(RECORDED INFORMATION)

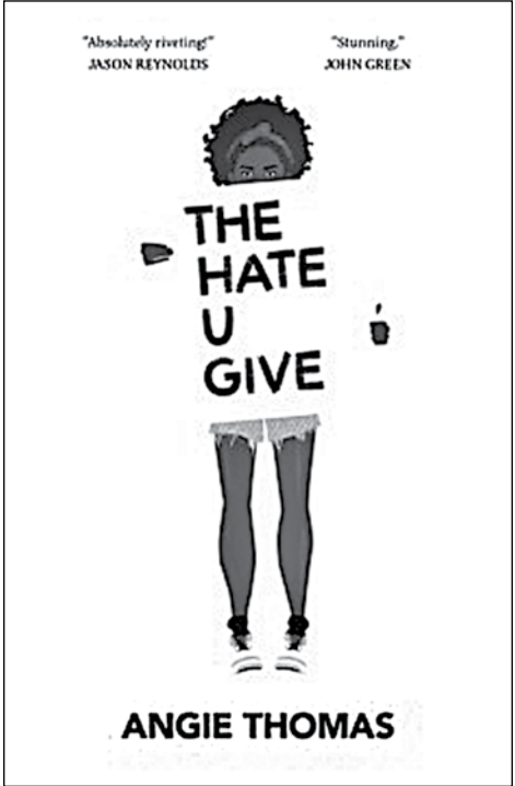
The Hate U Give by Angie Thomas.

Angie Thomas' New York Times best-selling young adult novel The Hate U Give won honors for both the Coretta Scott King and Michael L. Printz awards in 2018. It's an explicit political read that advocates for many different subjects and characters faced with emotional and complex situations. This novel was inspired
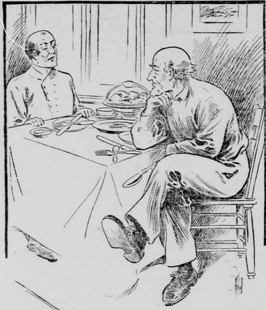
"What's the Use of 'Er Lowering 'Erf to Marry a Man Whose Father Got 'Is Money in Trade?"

(End RECORDED INFORMATION)

_GOAL OF THE EXERCISE_
Would you mind transcribing the material exactly, without the pictures?

_EXPECTED OUTPUT_
The Hate U Give by Angie Thomas.

Angie Thomas' New York Times best-selling young adult novel The Hate U Give won honors for both the Coretta Scott King and Michael L. Printz awards in 2018. It's an explicit political read that advocates for many different subjects and characters faced with emotional and complex situations. This novel was inspired
"What's the Use of 'Er Lowering 'Erf to Marry a Man Whose Father Got 'Is Money in Trade?"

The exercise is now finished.